Митч пристально вглядывается в каждое лицо – может, и она здесь? Может, трудилась над яслями из папье-маше для него и улыбнулась, когда учитель воскресной школы щелкнул «полароидом»? Было, не было? Не вспомнить.
– Нашел свое украшение? – раздается за спиной голос Купера.
Митч только качает головой.
– Оно самое красивое, – замечает Купер. – По крайней мере, я так думаю.
– Оно самодельное?
– Да. – В голосе Купера улыбка. – Посмотрим, найдешь ты его или нет? Оно с мою ладонь. И сверкает.
Не слишком подробное описание, но что-то брезжит на краю памяти. Да, точно, он держал его в руке, подарок, от которого, помнится, в груди все сжалось. Митч внимательно изучает елку, терпеливо переводя взгляд с одного украшения на другое, разыскивая свое. То самое, что может хоть на шаг приблизить его к ней.
Митч точно знает, каким оно не может быть. Он медленно обходит елку, ведет рукой по кончикам колючих веток. Олени из ершиков для труб? Нет. Изысканный русский антиквариат? Определенно не то. Разочарование нарастает. И вдруг глаз примечает радужное сияние, как раз над головой. Митч тянется к этому тихому мерцанию, снимает с ветки.
– Правильно, – тихо говорит Купер. – Я знал, что ты найдешь.
Украшение почти невесомое, воздушное. Снежинка. Вырезанная из серебряной бумаги, вся в сверкающих как хрусталь блестках. Какого кропотливого труда, должно быть, стоило вырезать каждый кончик, и еще больших усилий, чтобы потом аккуратно покрыть их, все до единого, сияющим, переливчатым клеем с блестками.
Митч крутит снежинку в руках.

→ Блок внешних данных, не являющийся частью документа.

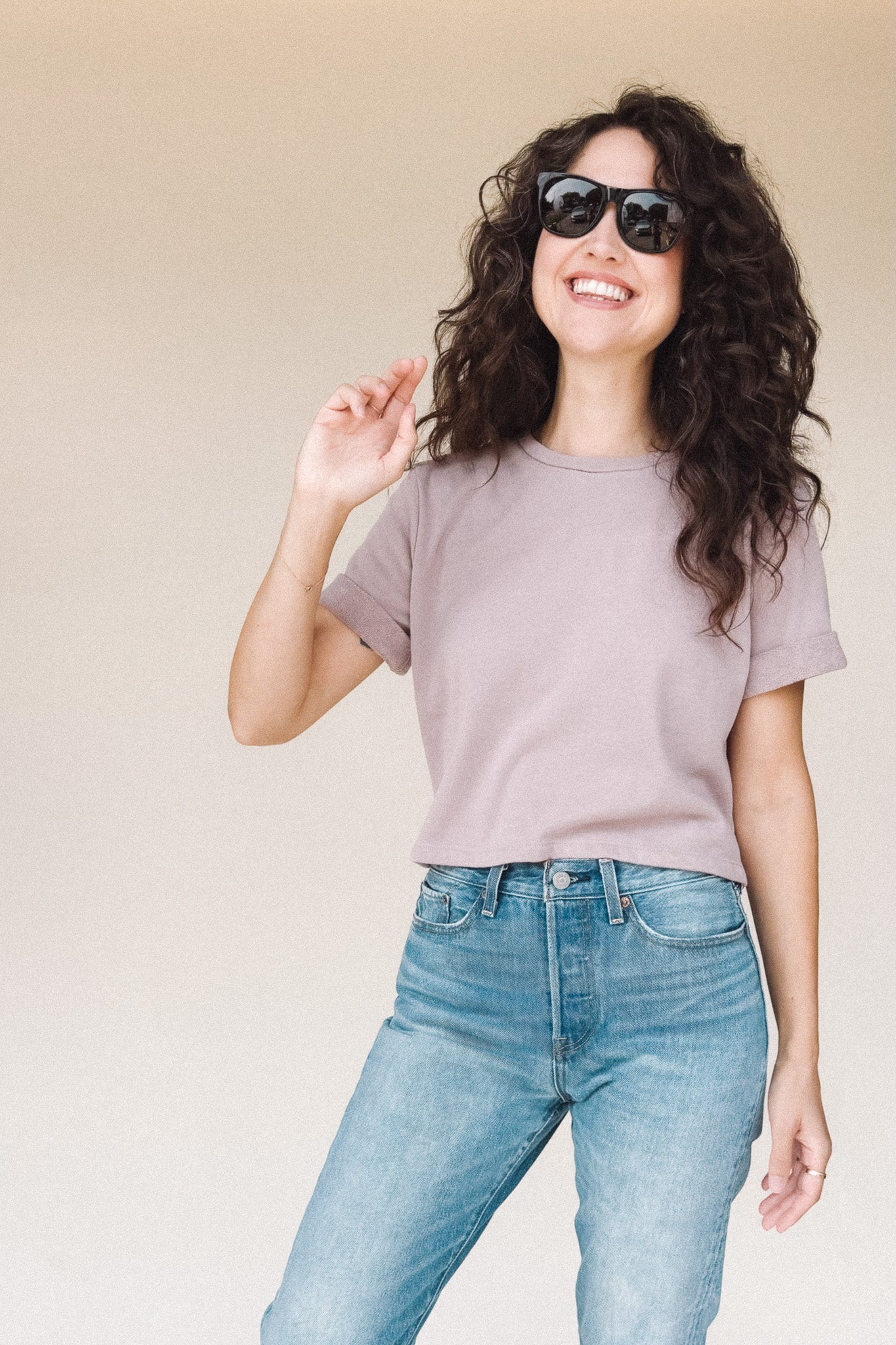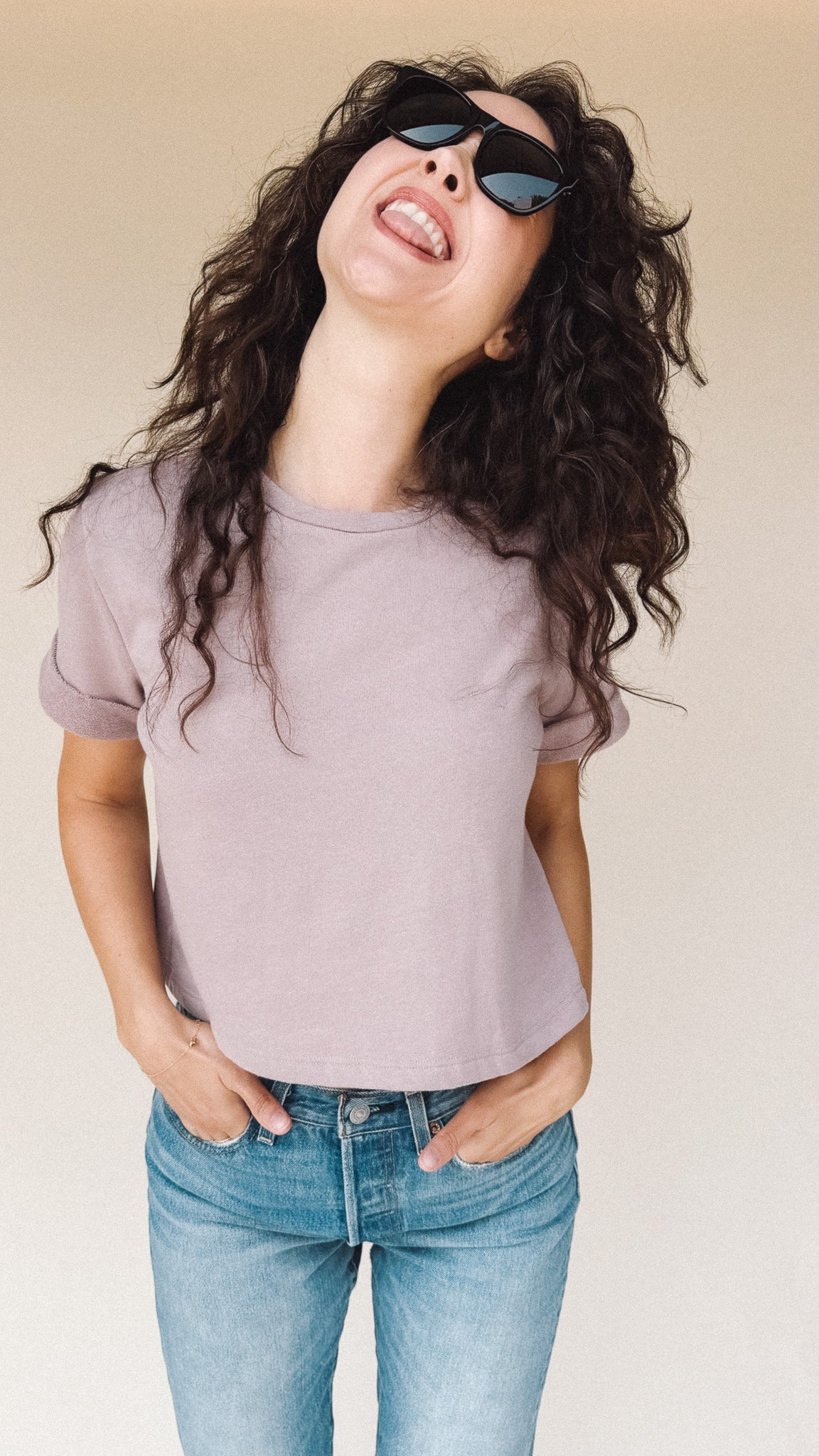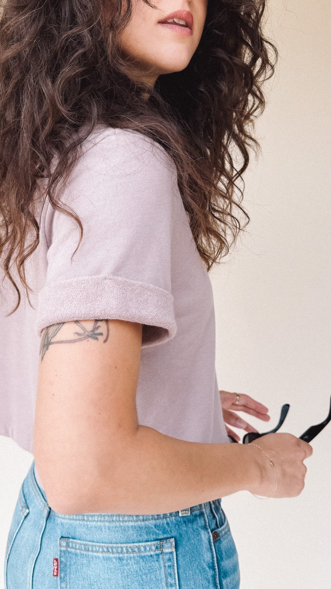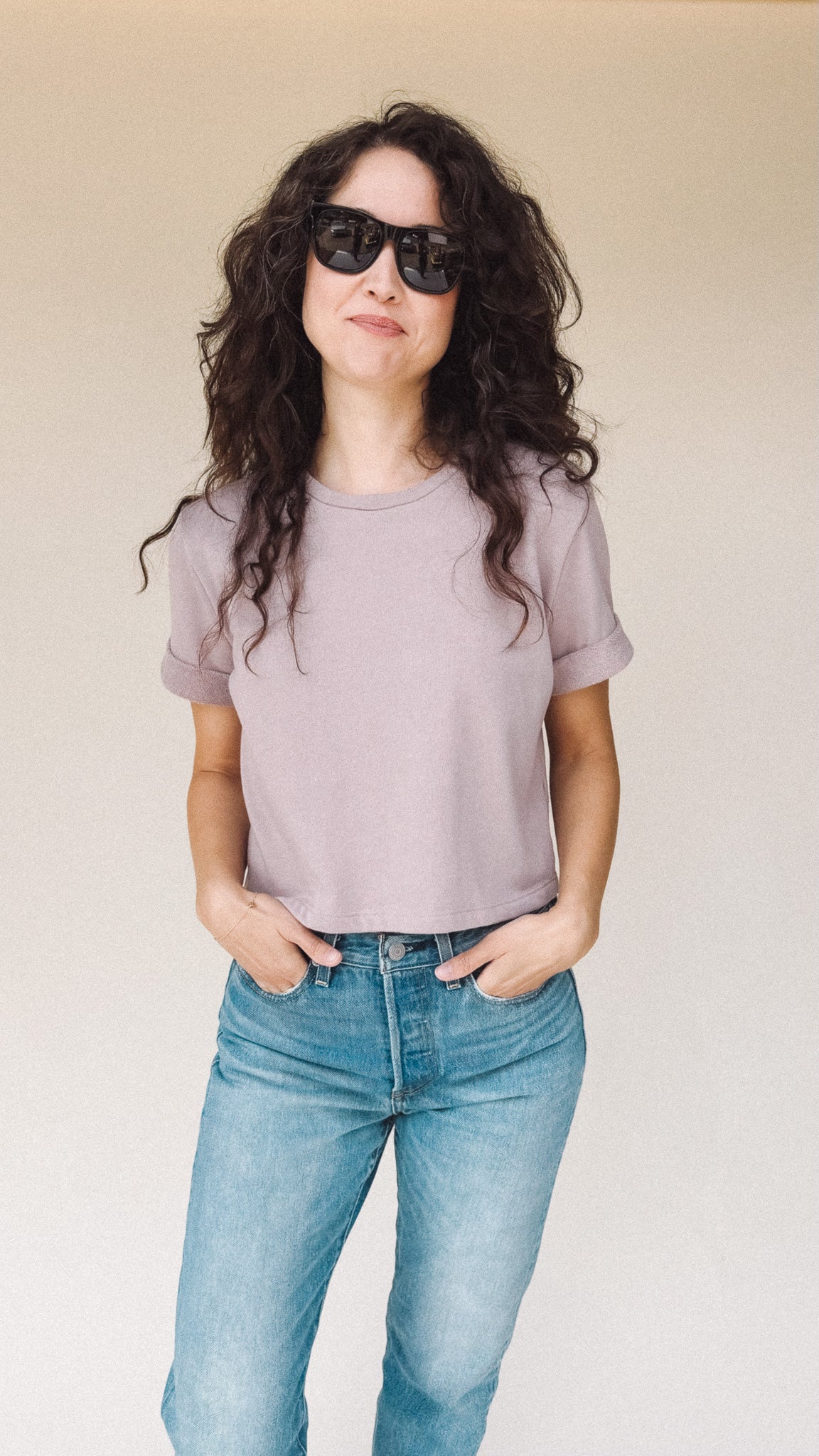 The perfect boxy crop tee in dusty Lilac light fuzzy sweatshirt material. It goes with everything. The one you’ll reach for over and over, the DEE crop top’s understated style is confidence itself.

Несколько блесток срываются и, кружась, словно снег, тихо падают на пол.
– Господи, я ее испорчу! – Митч сам удивляется внезапному страху.
– Не испортишь. – Купер стоит рядом. – Эта вещица всякое повидала на своем веку, но и много любви. Жила у тебя больше двадцати лет.
– Двадцать лет? Так долго?
– Она теперь уже взрослая женщина.
Крутится снежинка на серебряной нитке в руках у Митча, крутятся мысли у него в голове. Двадцать лет? Она повзрослела без него. Сколько времени потеряно даром… А что, если?.. Он умоляюще смотрит на Купера:
– Она придет? На Рождество? Придет?
Купер отводит глаза, рассматривает елку.
– Не знаю, Митч. Может быть.
– Она меня навещает?
К черту осторожность! Он должен знать. Может, она приходит каждую неделю и он изводит ее своими расспросами? Может, всему виной его дурацкая память?
– Я что, забыл ее?
– Нет, ты не забыл ее. – Первый вопрос Купер игнорирует. – Ты кое-что иногда путаешь, но уверяю тебя: своей дочери ты не забывал. Ни на один день.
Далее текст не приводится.